Aim for an exact copy of the listing, without any images.

[[ Records provided open ]]

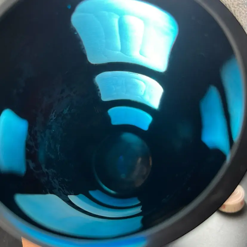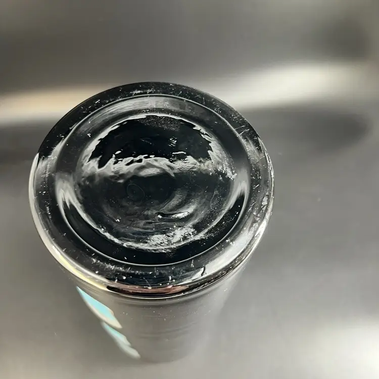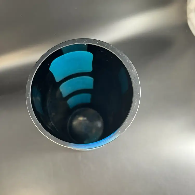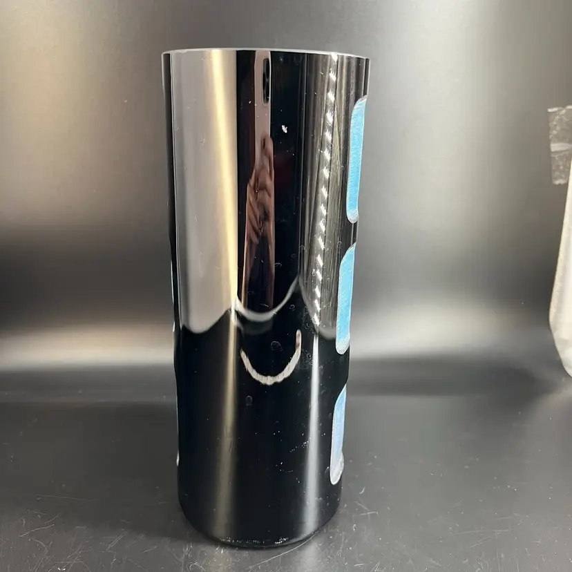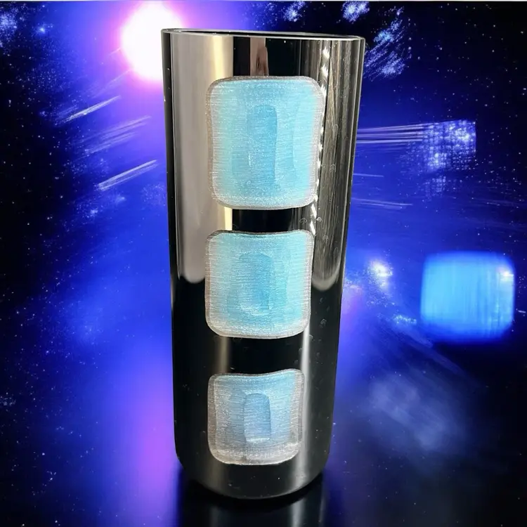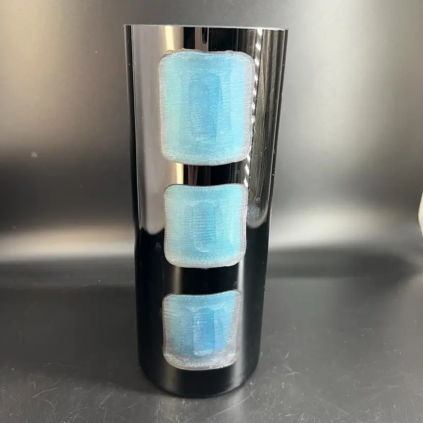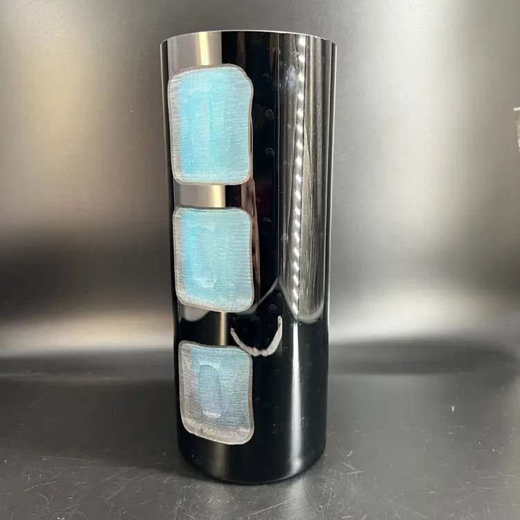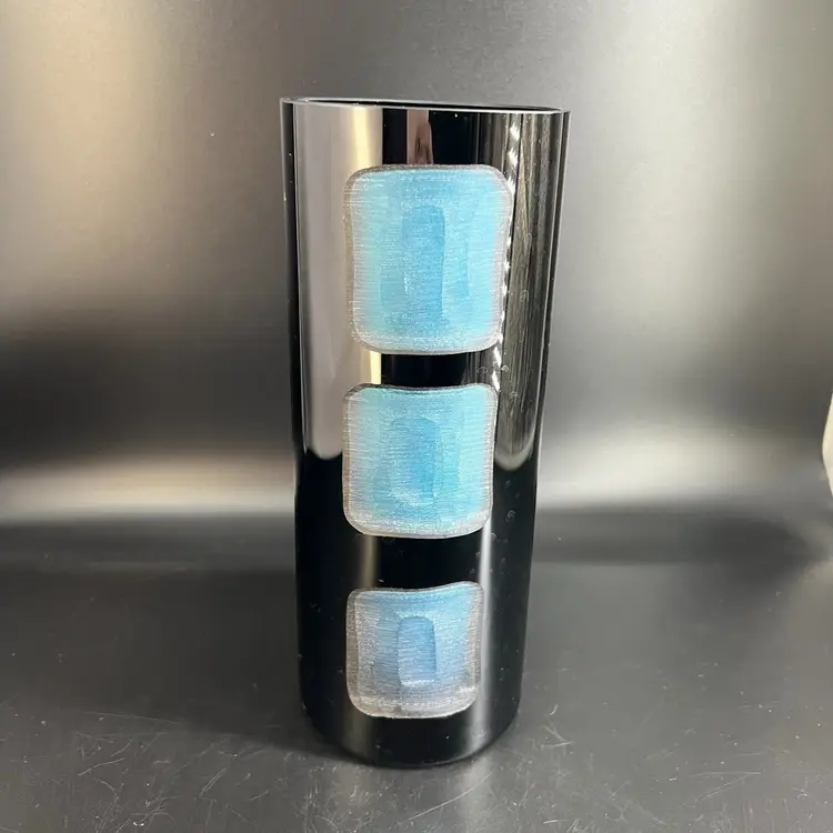 This stunning art glass cylinder vase is a beautiful addition to any collection. The vase features a glossy black finish with a unique window panel pattern in a stained blue, that is sure to catch the eye. The vase is handcrafted from high-quality glass materials, making it a one-of-a-kind piece that is both original and timeless.
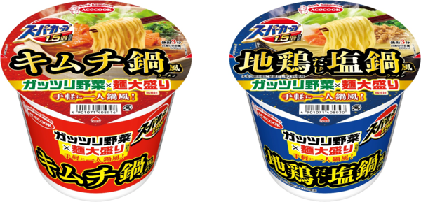 エースコックは12月15日より「スーパーカップ1.5倍 キムチ鍋風ラーメン/地鶏だし塩鍋風ラーメン」(各276円)を発売する。
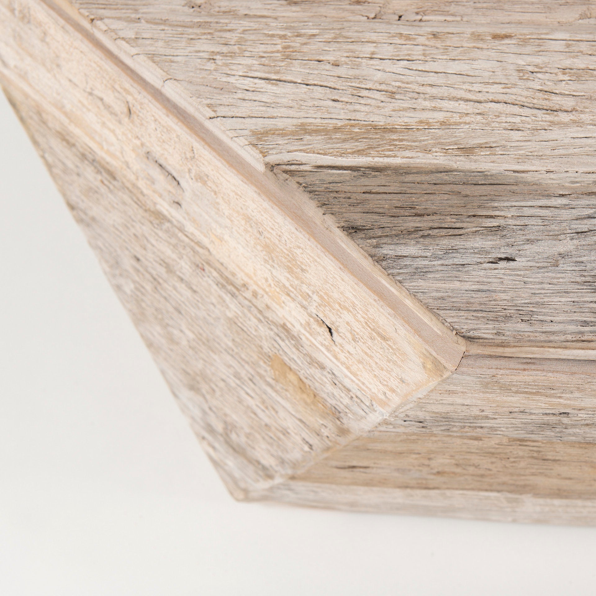 With a pinkish-hue whitewashed finish that accentuates the lines, cracks and knots in the reclaimed wood, the Esagono is a beautifully weathered piece. Blends effortlessly into Bohemian interiors and also fits well in Coastal and Tropical styled homes.Β
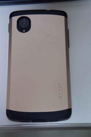 Nexus5には、このようなケースを装着しています。いわゆるハイブリッドケースで、TPUとポリカーボネート樹脂の2層構造。特にTPUは結構分厚いものです。
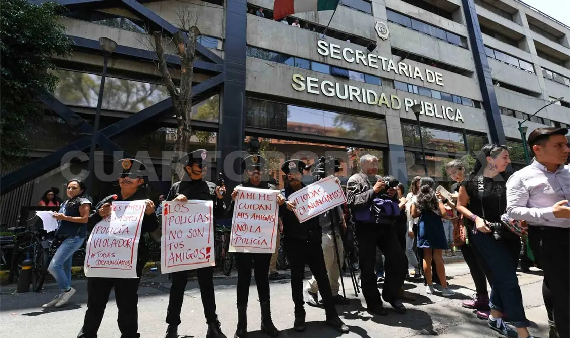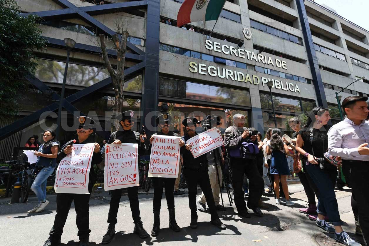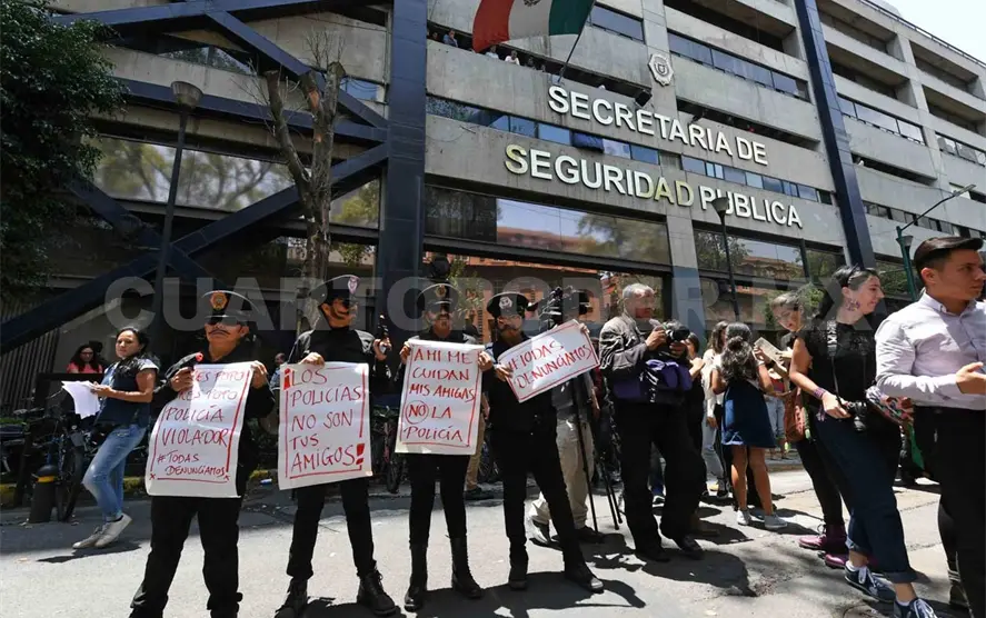 Cerca de 300 mujeres, integrantes de varios colectivos feministas, protestaron frente a las instalaciones de la Secretaría de Seguridad Ciudadana para exigir castigo contra los cuatro presuntos elementos de la corporación que en días pasados fueron señalados por una menor de violación en Azcapotzalco.
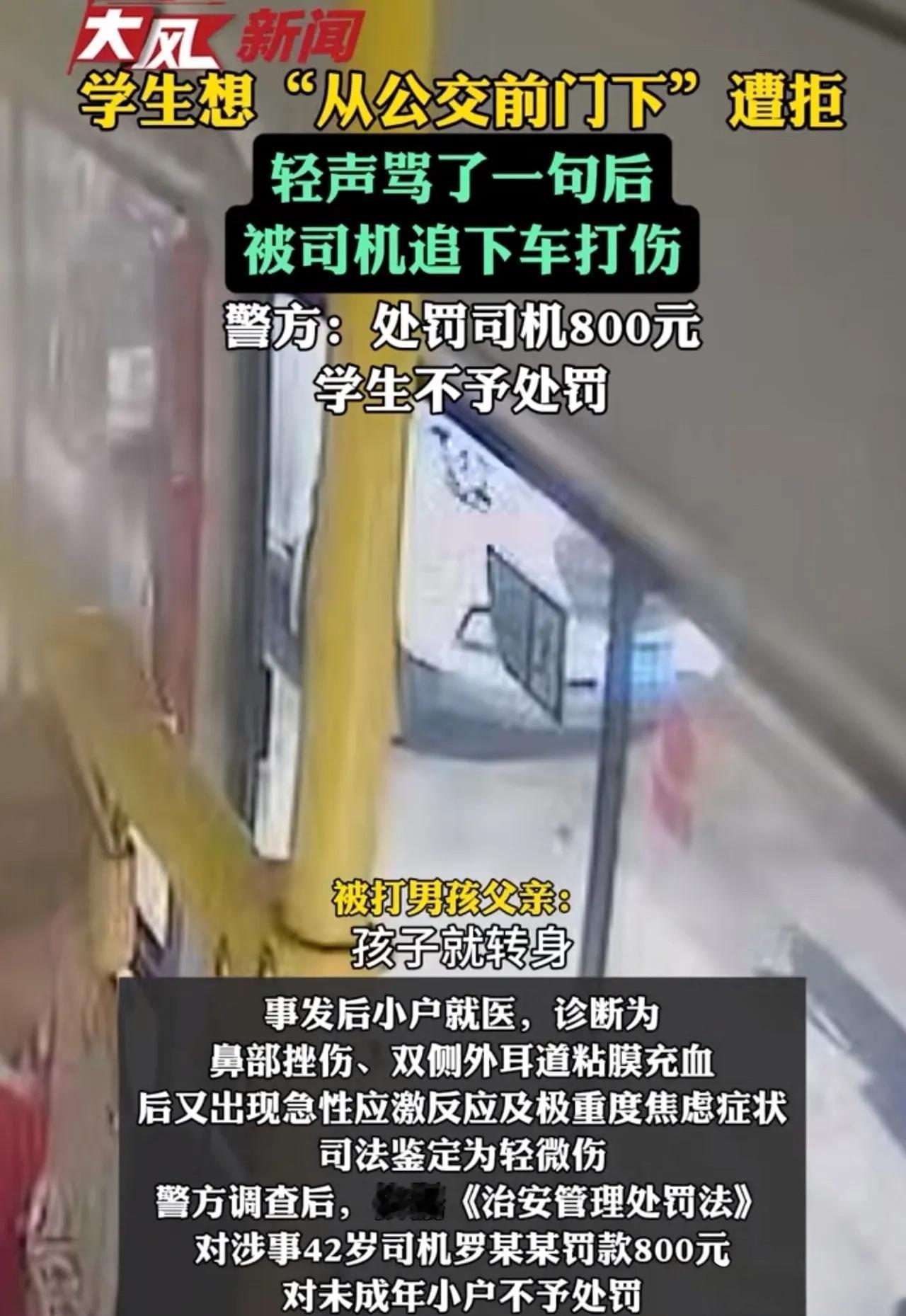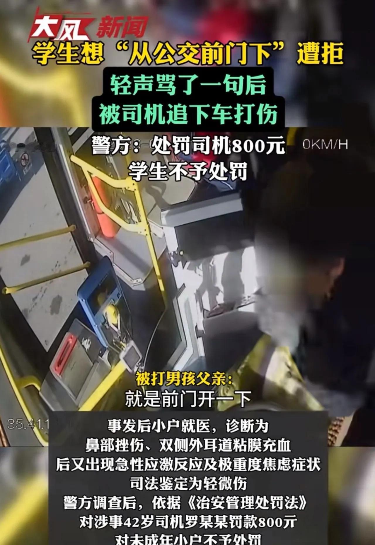 一句公交车上脱口而出的脏话,竟让16岁少年下车后遭到司机追打。当司机怒吼“替你父母管教”时,一场关于家教、暴力和法律边界的全民争论就此引爆。 那天,甘肃16岁的晓峰坐公交去图书馆,心里着急赶作业。到站时,他几步冲到前门,连喊两声:“师傅,开下前门!”司机罗某像没听见,眼睛盯着前方一动不动。晓峰急了,第三遍几乎是喊出来的。 这回司机从后视镜瞪了他一眼,扯着嗓子吼回来:“后门下!前门不能下!”晓峰憋了一肚子火,转身往后门走时,嘴里没忍住骂了句脏话。没想到,这句话被罗某听得清清楚楚。 车刚停稳,晓峰前脚下车,罗某后脚就解开安全带冲了下来。他一把揪住晓峰的衣领,拳头直接朝孩子头上脸上抡过去,嘴里还吼道:“你父母不管教你,我替他们管教!”晓峰当场被打懵,疼得直咧嘴。 晓峰顶着一脸伤回家,父母一看心疼坏了。得知是公交司机动的手,他们立刻报了警。更糟的是,晓峰事后出现了急性应激反应,被诊断为重度焦虑症,身体损伤鉴定为轻微伤。家长要求司机赔偿医药费和精神损失,事情却在这时出现了意想不到的转折。 公交公司站出来表态:“司机动手确实不对,我们批评教育。但如果家长再不依不饶,我们也要追究这孩子骂人的责任!”这番“硬气”回应,瞬间把事件推上了风口浪尖。 从法律角度看,这事其实很清楚。根据《治安管理处罚法》,司机动手殴打他人致轻微伤,明显违法。最终警方对司机罗某处以800元罚款。而晓峰作为未成年人,骂人虽不对,但情节较轻,警方以批评教育为主。法律不会支持“因为你骂我,所以我就可以打你”的逻辑。 这件事在网上炸开了锅。有网友认为“16岁还这么没教养,该打!家长教不好,社会教”;另一方则反驳“骂人是不对,但打人更错!”。还有网友指出双方都有问题:孩子缺家教,司机缺职业素养,但暴力永远不是解决问题的办法。 一场简单的车厢冲突,演变成了情、理、法的全面碰撞。它让我们思考:当口头冲突发生时,暴力“管教”的边界在哪里?服务行业从业者该如何应对压力与挑衅?而企业面对此类纠纷,怎样的回应才真正负责任? (本文基于甘肃地区已公开的社会新闻事件整理,具体细节以官方通报为准。) 这事您怎么看?如果您是家长,会如何引导孩子?如果您是司机,又会怎样处理这样的冲突?欢迎在评论区分享您的观点。
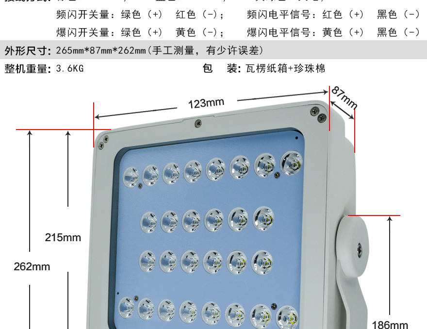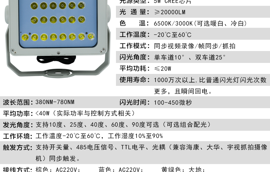 ★發光脈沖寬度可調,適應各種攝像機的曝光時間;
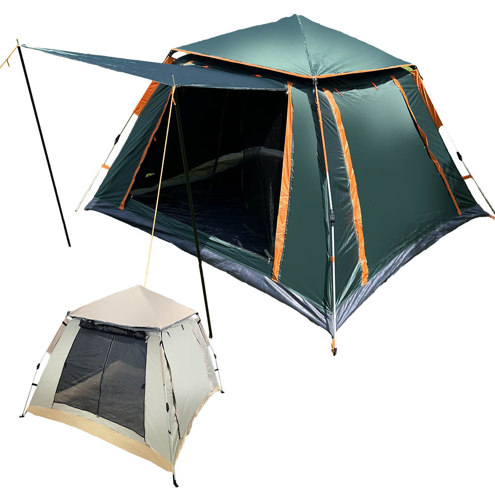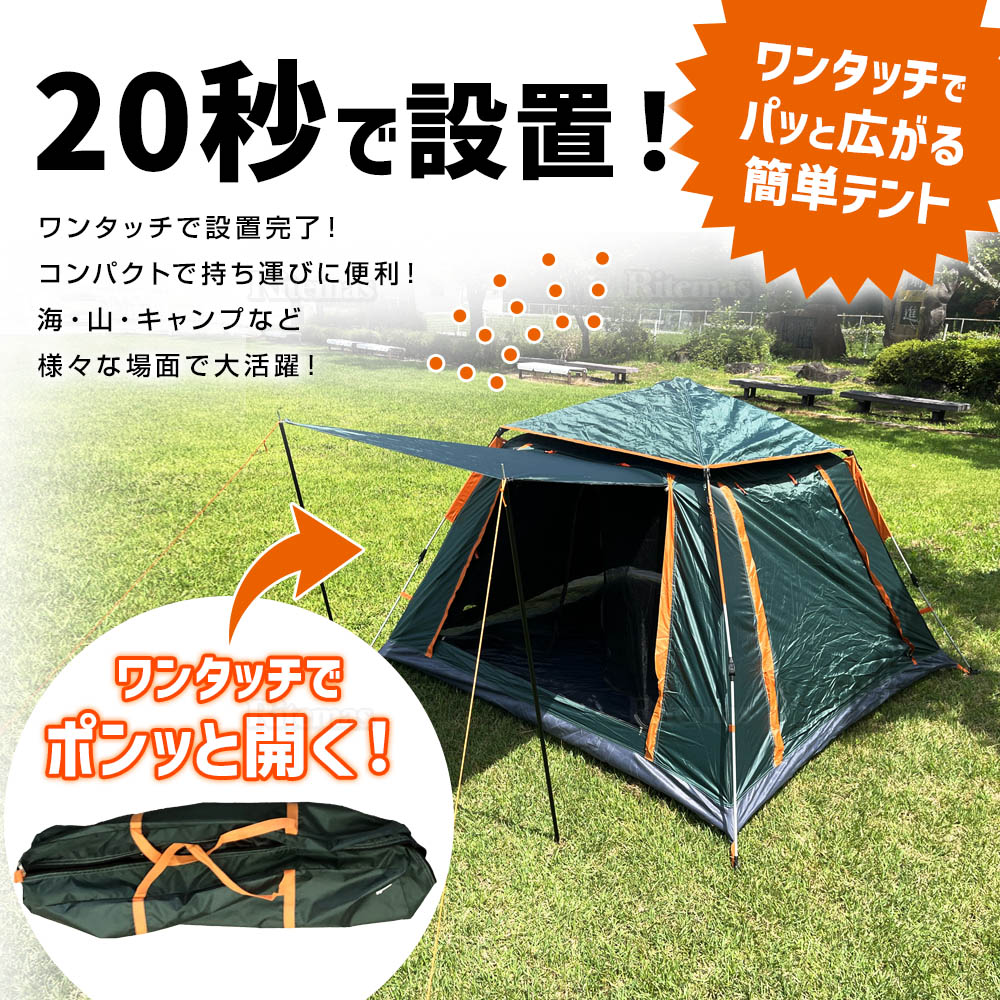 ワンタッチで簡単に設置可能な2窓2ドアのドーム型テント(3〜4人用)

[[ Records provided closed ]]

Solution to this exercise:
 This stunning art glass cylinder vase is a beautiful addition to any collection. The vase features a glossy black finish with a unique window panel pattern in a stained blue, that is sure to catch the eye. The vase is handcrafted from high-quality glass materials, making it a one-of-a-kind piece that is both original and timeless.
 エースコックは12月15日より「スーパーカップ1.5倍 キムチ鍋風ラーメン/地鶏だし塩鍋風ラーメン」(各276円)を発売する。
 With a pinkish-hue whitewashed finish that accentuates the lines, cracks and knots in the reclaimed wood, the Esagono is a beautifully weathered piece. Blends effortlessly into Bohemian interiors and also fits well in Coastal and Tropical styled homes.Β
 Nexus5には、このようなケースを装着しています。いわゆるハイブリッドケースで、TPUとポリカーボネート樹脂の2層構造。特にTPUは結構分厚いものです。
 Cerca de 300 mujeres, integrantes de varios colectivos feministas, protestaron frente a las instalaciones de la Secretaría de Seguridad Ciudadana para exigir castigo contra los cuatro presuntos elementos de la corporación que en días pasados fueron señalados por una menor de violación en Azcapotzalco.
 一句公交车上脱口而出的脏话,竟让16岁少年下车后遭到司机追打。当司机怒吼“替你父母管教”时,一场关于家教、暴力和法律边界的全民争论就此引爆。 那天,甘肃16岁的晓峰坐公交去图书馆,心里着急赶作业。到站时,他几步冲到前门,连喊两声:“师傅,开下前门!”司机罗某像没听见,眼睛盯着前方一动不动。晓峰急了,第三遍几乎是喊出来的。 这回司机从后视镜瞪了他一眼,扯着嗓子吼回来:“后门下!前门不能下!”晓峰憋了一肚子火,转身往后门走时,嘴里没忍住骂了句脏话。没想到,这句话被罗某听得清清楚楚。 车刚停稳,晓峰前脚下车,罗某后脚就解开安全带冲了下来。他一把揪住晓峰的衣领,拳头直接朝孩子头上脸上抡过去,嘴里还吼道:“你父母不管教你,我替他们管教!”晓峰当场被打懵,疼得直咧嘴。 晓峰顶着一脸伤回家,父母一看心疼坏了。得知是公交司机动的手,他们立刻报了警。更糟的是,晓峰事后出现了急性应激反应,被诊断为重度焦虑症,身体损伤鉴定为轻微伤。家长要求司机赔偿医药费和精神损失,事情却在这时出现了意想不到的转折。 公交公司站出来表态:“司机动手确实不对,我们批评教育。但如果家长再不依不饶,我们也要追究这孩子骂人的责任!”这番“硬气”回应,瞬间把事件推上了风口浪尖。 从法律角度看,这事其实很清楚。根据《治安管理处罚法》,司机动手殴打他人致轻微伤,明显违法。最终警方对司机罗某处以800元罚款。而晓峰作为未成年人,骂人虽不对,但情节较轻,警方以批评教育为主。法律不会支持“因为你骂我,所以我就可以打你”的逻辑。 这件事在网上炸开了锅。有网友认为“16岁还这么没教养,该打!家长教不好,社会教”;另一方则反驳“骂人是不对,但打人更错!”。还有网友指出双方都有问题:孩子缺家教,司机缺职业素养,但暴力永远不是解决问题的办法。 一场简单的车厢冲突,演变成了情、理、法的全面碰撞。它让我们思考:当口头冲突发生时,暴力“管教”的边界在哪里?服务行业从业者该如何应对压力与挑衅?而企业面对此类纠纷,怎样的回应才真正负责任? (本文基于甘肃地区已公开的社会新闻事件整理,具体细节以官方通报为准。) 这事您怎么看?如果您是家长,会如何引导孩子?如果您是司机,又会怎样处理这样的冲突?欢迎在评论区分享您的观点。
 ★發光脈沖寬度可調,適應各種攝像機的曝光時間;
 ワンタッチで簡単に設置可能な2窓2ドアのドーム型テント(3〜4人用)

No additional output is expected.